To succeed, though, Baude needs to be able to survey what our legal officials actually do and describe what he sees as originalism. A different observer might find that task daunting. After all, if you look to see what judges do most of the time in constitutional cases, you will find them applying doctrine. Only rarely does a case turn on the text of the Constitution or an account of original meanings.
To his credit, Baude does not pretend otherwise. He does not claim, that is, that judges actually spend more time plumbing original meanings than observers have previously realized. Instead, he offers a version of originalism in which the fact that judges rarely traffic in arguments about original meanings is compatible with the claim that originalism is our law. He calls this model “inclusive originalism.” Under inclusive originalism, modes of decisionmaking that the Founders would have recognized as legitimate are legitimate. Living as they did in a common-law world, Baude says, the Founders surely accepted the application of judicial precedent as a valid mode of legal decisionmaking. So that form of decisionmaking is in—not on its own bottom but because the Founders accepted it. The same goes for interpretation that tracks the evolving meaning of constitutional language, for the same reason, and for any other modality of argument that the Founders would have considered legitimate.

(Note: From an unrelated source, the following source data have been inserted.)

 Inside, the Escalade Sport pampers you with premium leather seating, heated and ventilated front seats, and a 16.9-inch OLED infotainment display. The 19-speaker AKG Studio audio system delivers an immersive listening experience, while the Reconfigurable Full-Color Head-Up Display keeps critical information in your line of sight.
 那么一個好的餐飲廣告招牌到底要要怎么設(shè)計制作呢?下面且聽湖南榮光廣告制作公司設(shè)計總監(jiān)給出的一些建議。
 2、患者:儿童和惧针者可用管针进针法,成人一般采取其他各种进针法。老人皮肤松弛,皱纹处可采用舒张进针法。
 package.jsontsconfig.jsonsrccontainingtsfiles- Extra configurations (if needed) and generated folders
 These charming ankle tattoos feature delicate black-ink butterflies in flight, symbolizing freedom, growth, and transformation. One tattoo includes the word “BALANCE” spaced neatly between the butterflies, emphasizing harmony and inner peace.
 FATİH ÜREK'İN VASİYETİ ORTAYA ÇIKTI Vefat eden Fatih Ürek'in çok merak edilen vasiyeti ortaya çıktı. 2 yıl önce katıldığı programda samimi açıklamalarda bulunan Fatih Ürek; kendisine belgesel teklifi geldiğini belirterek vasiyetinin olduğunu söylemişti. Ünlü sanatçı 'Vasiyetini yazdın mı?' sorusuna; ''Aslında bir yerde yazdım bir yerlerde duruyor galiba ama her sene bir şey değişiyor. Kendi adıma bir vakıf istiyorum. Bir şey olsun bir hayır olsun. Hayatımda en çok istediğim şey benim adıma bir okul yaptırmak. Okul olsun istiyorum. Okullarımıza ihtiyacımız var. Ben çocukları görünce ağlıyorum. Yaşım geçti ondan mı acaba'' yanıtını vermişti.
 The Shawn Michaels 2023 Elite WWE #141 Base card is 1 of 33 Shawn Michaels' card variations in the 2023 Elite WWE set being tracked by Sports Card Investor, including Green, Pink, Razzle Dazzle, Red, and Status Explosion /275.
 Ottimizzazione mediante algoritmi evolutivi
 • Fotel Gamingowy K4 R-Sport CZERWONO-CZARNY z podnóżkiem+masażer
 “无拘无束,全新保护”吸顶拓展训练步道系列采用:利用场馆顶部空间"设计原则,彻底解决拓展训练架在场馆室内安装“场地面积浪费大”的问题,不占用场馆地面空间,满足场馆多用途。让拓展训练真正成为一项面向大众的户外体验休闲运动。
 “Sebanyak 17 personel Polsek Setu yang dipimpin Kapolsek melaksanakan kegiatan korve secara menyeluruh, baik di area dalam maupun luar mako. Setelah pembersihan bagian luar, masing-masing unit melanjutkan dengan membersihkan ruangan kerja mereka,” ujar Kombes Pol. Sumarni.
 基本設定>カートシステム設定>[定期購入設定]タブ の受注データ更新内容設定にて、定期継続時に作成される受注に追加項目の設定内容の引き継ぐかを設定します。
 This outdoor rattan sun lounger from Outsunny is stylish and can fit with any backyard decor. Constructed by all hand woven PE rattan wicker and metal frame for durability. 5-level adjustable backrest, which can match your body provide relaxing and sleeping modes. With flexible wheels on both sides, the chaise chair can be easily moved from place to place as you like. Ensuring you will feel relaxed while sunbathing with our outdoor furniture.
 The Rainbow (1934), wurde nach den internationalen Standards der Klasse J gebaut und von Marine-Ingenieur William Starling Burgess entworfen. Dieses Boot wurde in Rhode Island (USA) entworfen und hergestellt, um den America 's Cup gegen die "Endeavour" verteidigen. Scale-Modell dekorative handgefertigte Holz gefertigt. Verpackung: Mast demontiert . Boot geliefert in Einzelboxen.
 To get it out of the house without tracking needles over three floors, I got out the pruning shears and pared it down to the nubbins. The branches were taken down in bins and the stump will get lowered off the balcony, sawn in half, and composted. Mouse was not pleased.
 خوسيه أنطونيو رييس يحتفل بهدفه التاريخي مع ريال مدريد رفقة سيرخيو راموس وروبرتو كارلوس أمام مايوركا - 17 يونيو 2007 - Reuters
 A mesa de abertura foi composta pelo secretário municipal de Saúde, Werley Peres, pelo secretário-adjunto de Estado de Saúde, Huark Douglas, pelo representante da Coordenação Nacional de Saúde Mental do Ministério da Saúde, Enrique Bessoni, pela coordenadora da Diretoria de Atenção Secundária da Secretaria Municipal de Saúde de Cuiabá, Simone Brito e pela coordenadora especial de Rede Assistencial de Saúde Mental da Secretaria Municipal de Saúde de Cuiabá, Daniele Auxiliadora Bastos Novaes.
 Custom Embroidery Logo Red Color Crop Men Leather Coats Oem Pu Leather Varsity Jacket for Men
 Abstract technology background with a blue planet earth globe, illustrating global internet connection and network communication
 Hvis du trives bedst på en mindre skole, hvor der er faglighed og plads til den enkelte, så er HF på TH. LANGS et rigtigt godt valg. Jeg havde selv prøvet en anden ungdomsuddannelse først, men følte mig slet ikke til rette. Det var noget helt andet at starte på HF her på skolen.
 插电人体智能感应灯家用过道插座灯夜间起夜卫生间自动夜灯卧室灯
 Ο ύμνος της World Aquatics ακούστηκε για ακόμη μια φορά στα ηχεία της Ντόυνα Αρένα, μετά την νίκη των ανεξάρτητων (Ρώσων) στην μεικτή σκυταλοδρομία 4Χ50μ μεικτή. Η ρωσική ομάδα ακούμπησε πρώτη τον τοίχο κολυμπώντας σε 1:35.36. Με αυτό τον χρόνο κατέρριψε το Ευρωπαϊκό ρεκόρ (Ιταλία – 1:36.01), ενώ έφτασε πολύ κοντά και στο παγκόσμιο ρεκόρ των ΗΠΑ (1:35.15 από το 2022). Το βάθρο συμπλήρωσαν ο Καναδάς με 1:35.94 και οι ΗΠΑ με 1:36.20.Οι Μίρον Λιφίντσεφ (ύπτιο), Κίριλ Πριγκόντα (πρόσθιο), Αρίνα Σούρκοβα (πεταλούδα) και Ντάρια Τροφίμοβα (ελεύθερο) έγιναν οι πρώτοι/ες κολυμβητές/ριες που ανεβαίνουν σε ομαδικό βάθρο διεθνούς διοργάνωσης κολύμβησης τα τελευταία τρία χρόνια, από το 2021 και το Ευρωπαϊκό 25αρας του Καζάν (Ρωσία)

This is a capacious conception of originalism. Consider, by analogy, what it would mean to describe as “textualist” a theory of constitutional decisionmaking on which judges confronting individual-rights questions should reason about what rights people have without reference to the words of particular constitutional provisions. Given the Ninth Amendment, one can perfectly well argue that the text of the Constitution directs constitutional decisionmakers to reason about rights in nontextual ways. So it could make sense to describe nontextual reasoning as justified on the basis of the text, just as it could make sense to describe a largely common-law process of constitutional interpretation as justified on the basis of a Founding understanding. But someone who described judges making moral arguments about unenumerated rights as practicing “textualism” would not be using the term in a way that captures what textualism usually means in American constitutional discourse
The point here is not that Baude is wrong to call his approach a version of originalism. Nobody owns the term, and Baude tells his readers clearly what he does and does not mean, and his idea shares something important with the broader family of originalist theories: It maintains that facts from the time of the Constitution’s enactment supply legitimacy criteria for constitutional interpretation today. To be sure, Baude’s version of that legitimacy claim is importantly different from the legitimacy claims on offer in some versions of originalism. For Baude, originalism is authoritative only because we accept it as a matter of practice. But my use of the word “only” is meant to contrast Baude’s theory with some other forms of originalism, not to suggest that a legal culture’s acceptance in practice of a theory of interpretation is not a good reason to deem that theory authoritative within that legal culture. If Baude can show that the American legal system operates on the basis of something he describes as “inclusive originalism,” he will not have demonstrated that stronger forms of originalism are “our law,” but he will have made a good case for the thing that he claims to be demonstrating.